The original function you have is defined over all real numbers. There is no need to check the domain of the derivative.
so I tried doing this problem but I'm having difficulty, please help
find all critical numbers for the function f(x)=(9-x^2)^(3/5)
First thing i did was to find the derivative which i got -6x/[5(9-x^2)^(2/5)]
The next thing was to find when f'(x)=0, so i set the derivative equal to 0 to get x=0
I then checked to see when the derivative is undefined. To do this i set the denominator of the derivative [5(9-x^2)^(2/5)] to zero and got x=3 and x=-3.

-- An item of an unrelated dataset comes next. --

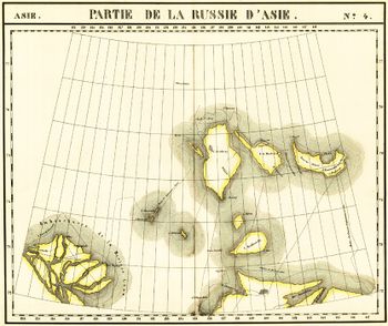 خريطة جزر سيبيريا الجديدة (فيليپ ڤاندرمالن "خريطة روسيا الآسيوية"، ح. 1820). أرض بونگه لم تكن قد اكتـُشـِفت بعد، ولذلك جزيرة فدىيڤسكي و جزيرة كوتلني كانتا تُعتبران منفصلتين.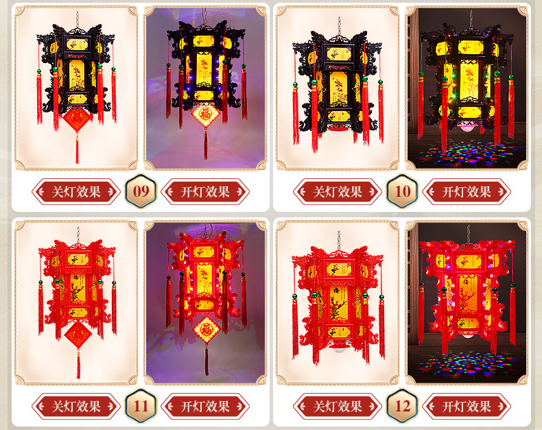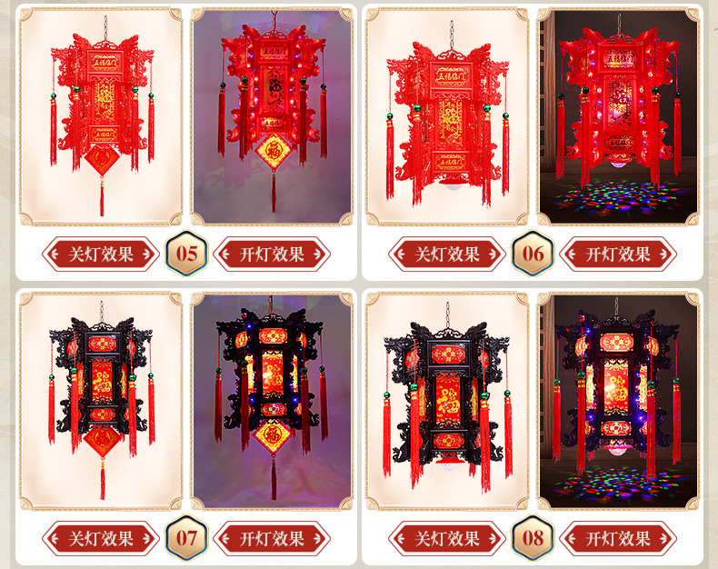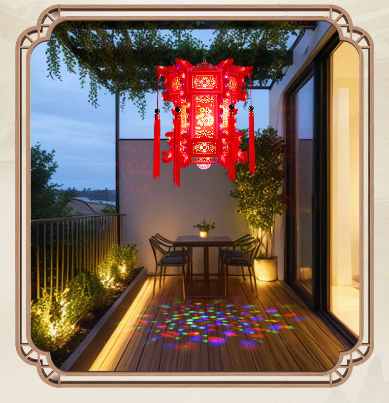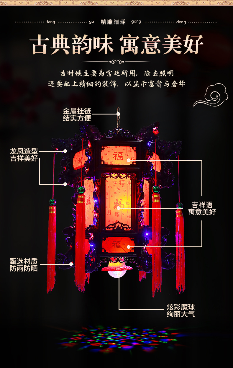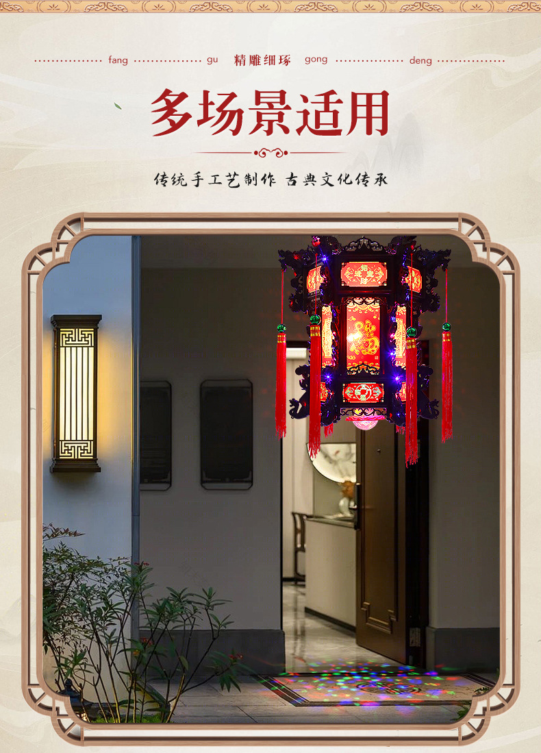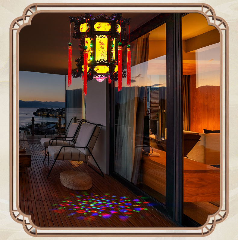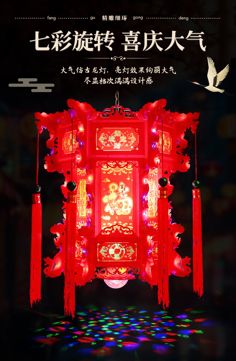 Lampu LED Tiongkok, lampu naga heksagonal antik, lampu istana warna-warni pintu balkon berputar, lampu tempat lilin kuda

are x=0,-3,3 right? I graphed the original function on my calculator and can't find anything specific about these points. also, i used the derivative function on my calculator to get the derivatives at these points, i thought that i'm not supposed to be able to do this since the derivative is supposed to be undefined at x=3 and x=-3
rawkstar,
I think you're right. The derivative is 0 when x=0 and undefined when x={-3,3}.

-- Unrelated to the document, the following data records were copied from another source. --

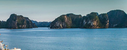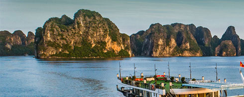 enjoying the wonderful natural scenery of Ha Long Bay. A
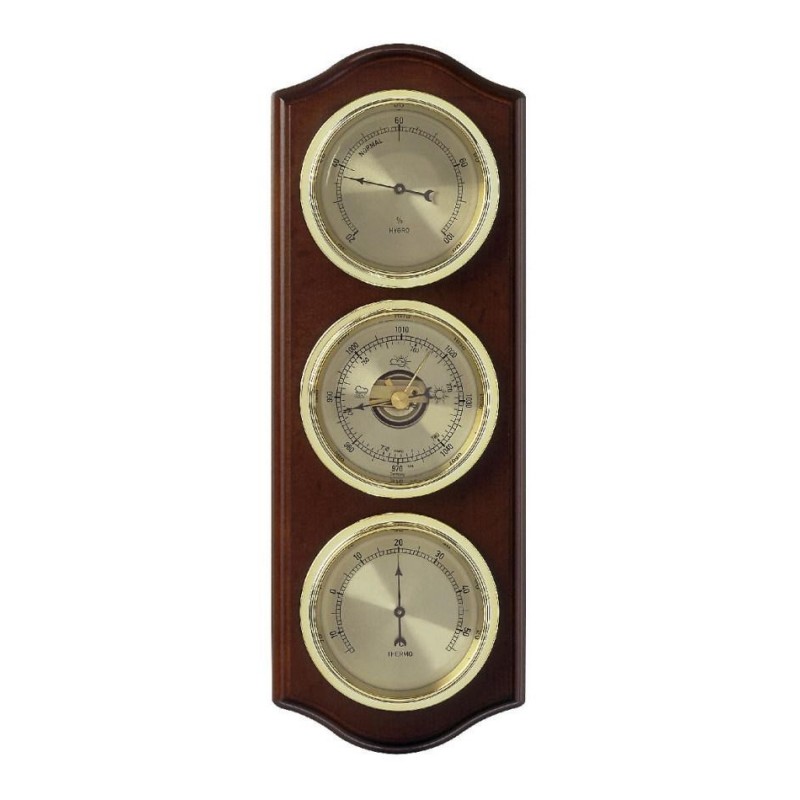 Meteostanice obsahuje barometr, vlhkoměr a teploměr - všechny přístroje jsou o průměru 93 mm. Podložka je buková mořena do odstínu ořechu.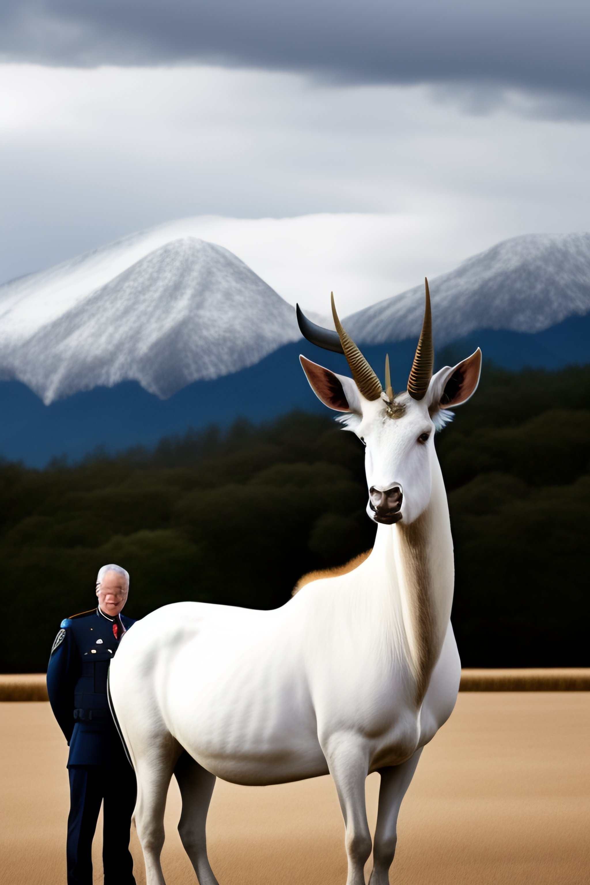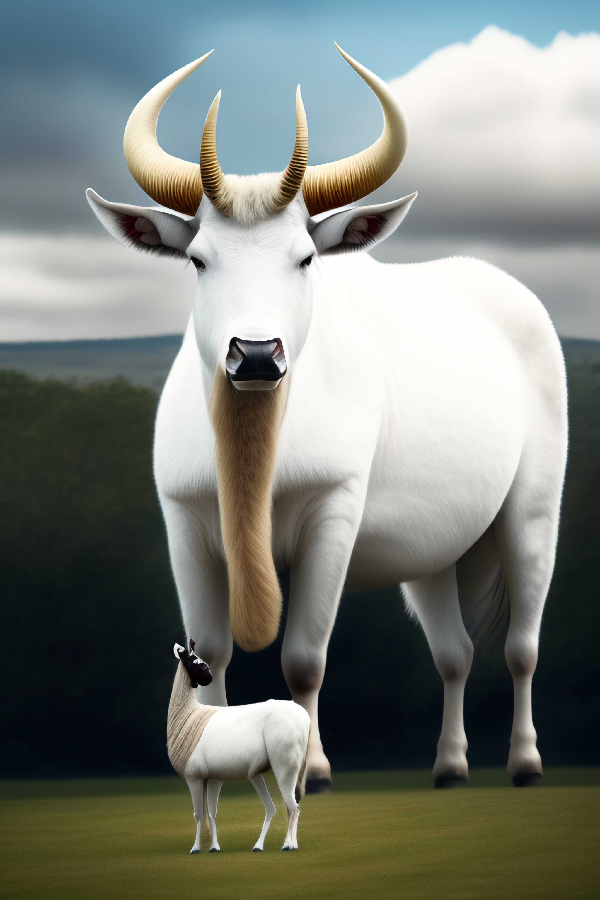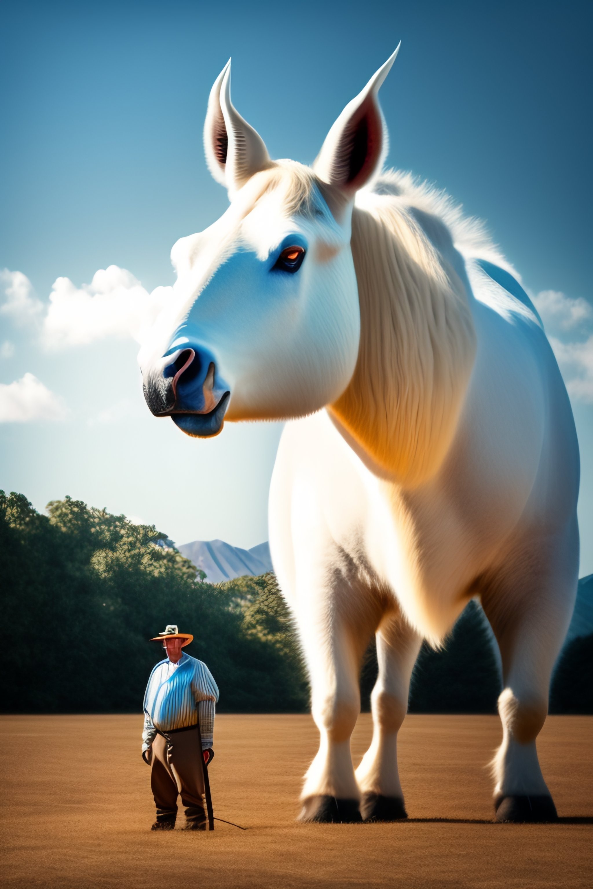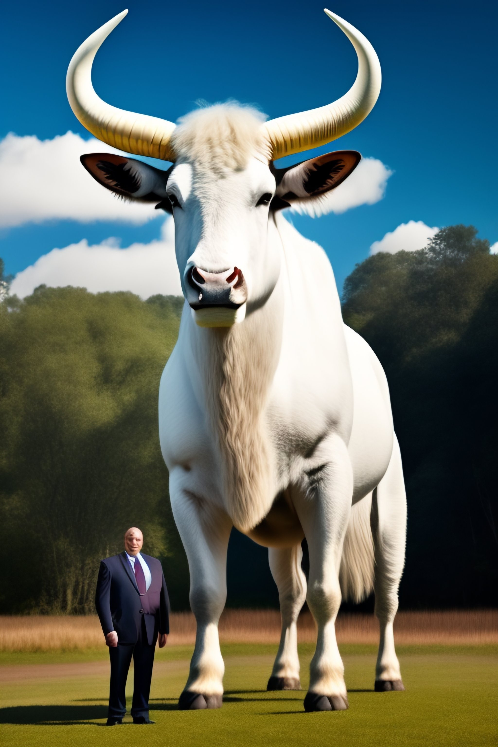 Giant white beast with a horn facing back, the beast is 3 time bigger then the human standing next to it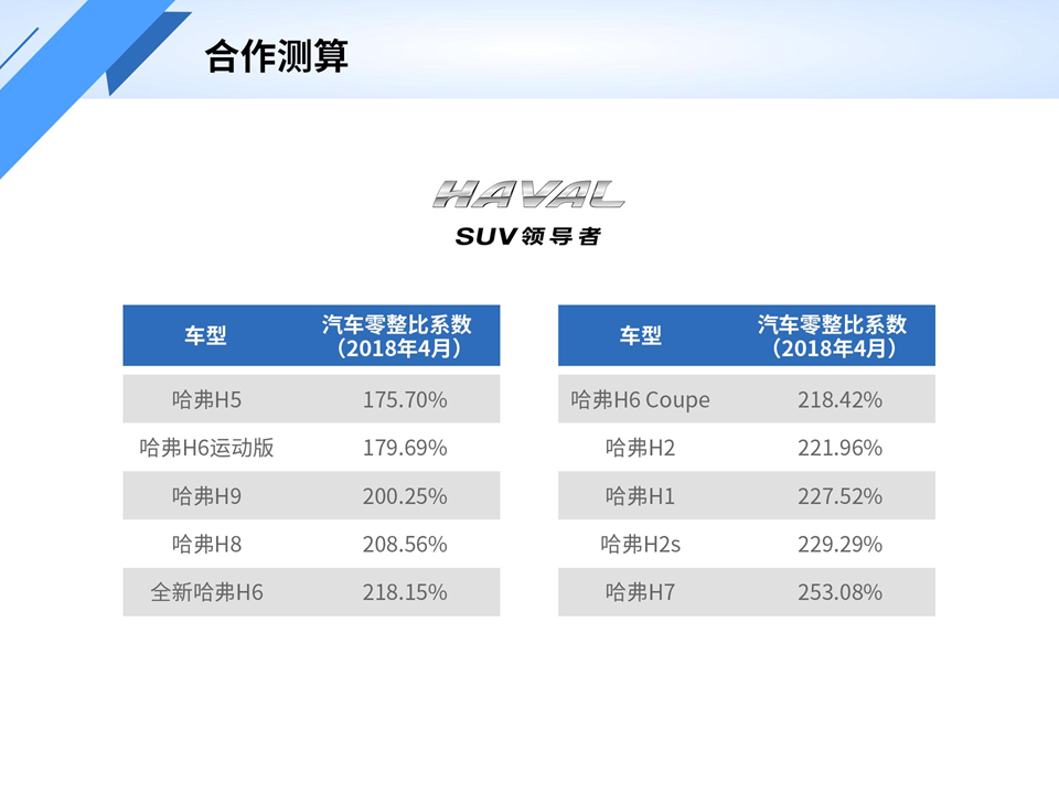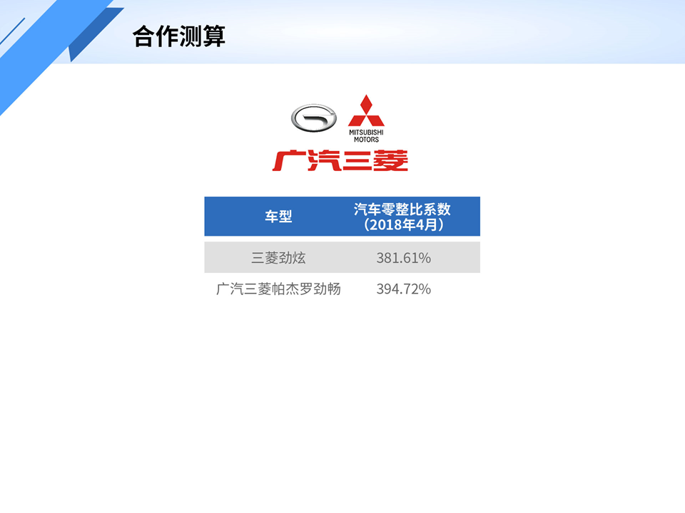 汽车主机厂合作测算零整比数据(2018年4月)

I graphed the function and it appears to have vertical asymptotes at x={-3,3} and it passes through 0 at x=0.
The original function is most definitely defined over the reals, regardless of the domain of it's derivative.
The behavior of the derivative (including its domain) will help describe the behavior of the original function, but the two are not necessarily linked as far as domain is concerned.